Klietz l Das geschah nicht ohne Grund – die Jägerschaft besteht seit genau 30 Jahren. Das Thema Jagd wird denn auch anlässlich des runden Jubiläums am 13. Juni am Landguthotel in Klietz im Mittelpunkt stehen, informierte Kreisjägermeister Günter Scheffler aus Scharlibbe auf der Jahresversammlung im Klietzer Landguthotel. Der Vorstand der Jägerschaft hat dazu erste Vorschläge zusammengetragen: Hundeführer, Falkner, Holzschnitzer und Jagdhornbläser sollen dabei sein, ebenso Vertreter vom Wolfskompetenzzentrum und dem Biosphärenreservat, auch ein Schießkino wäre eine Option.

Am 8. April 1990 wurde im Havelberger Hotel „Weltfrieden“ die Jägerschaft Havelberg gegründet, erinnerte der Jägermeister zu Beginn seines Berichtes.
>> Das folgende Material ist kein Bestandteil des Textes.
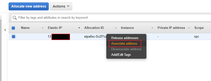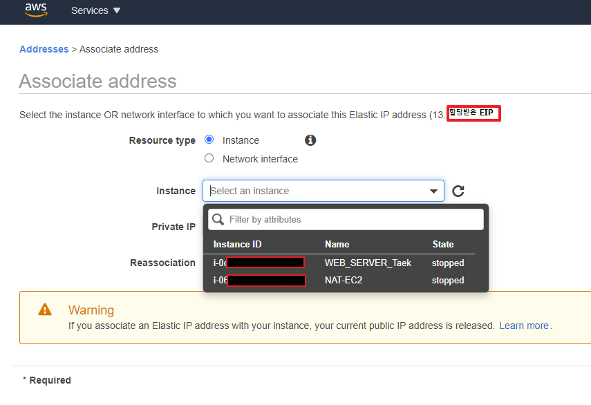 할당받은 EIP와 Instance ID를 연결해주자.. Instance의 Name을 통해 입력해줘도 되고, Private IP를 입력해줘도 되니 편할대로 하면 된다.

An der Gründungsversammlung hatten 216 Jäger aus allen damals noch existierenden Jagdgesellschaften des Kreises Havelberg teilgenommen.

Seit 30 Jahren an der Spitze

Nach langer Diskussion gelangte man zu der Einsicht, dass die Zeit der Jagdgesellschaften zu Ende sei und man sich wohl oder übel mit dem neuen Jagdsystem anfreunden müsse. Darum wurde die Jägerschaft des Kreises Havelberg gebildet und deren erster Vorstand gewählt. Erster Vorsitzender wurde Günter Scheffler und sein Stellvertreter der Havelberger Rolf Paproth. Kurze Zeit später wurde auch der Landesjagdverband begründet.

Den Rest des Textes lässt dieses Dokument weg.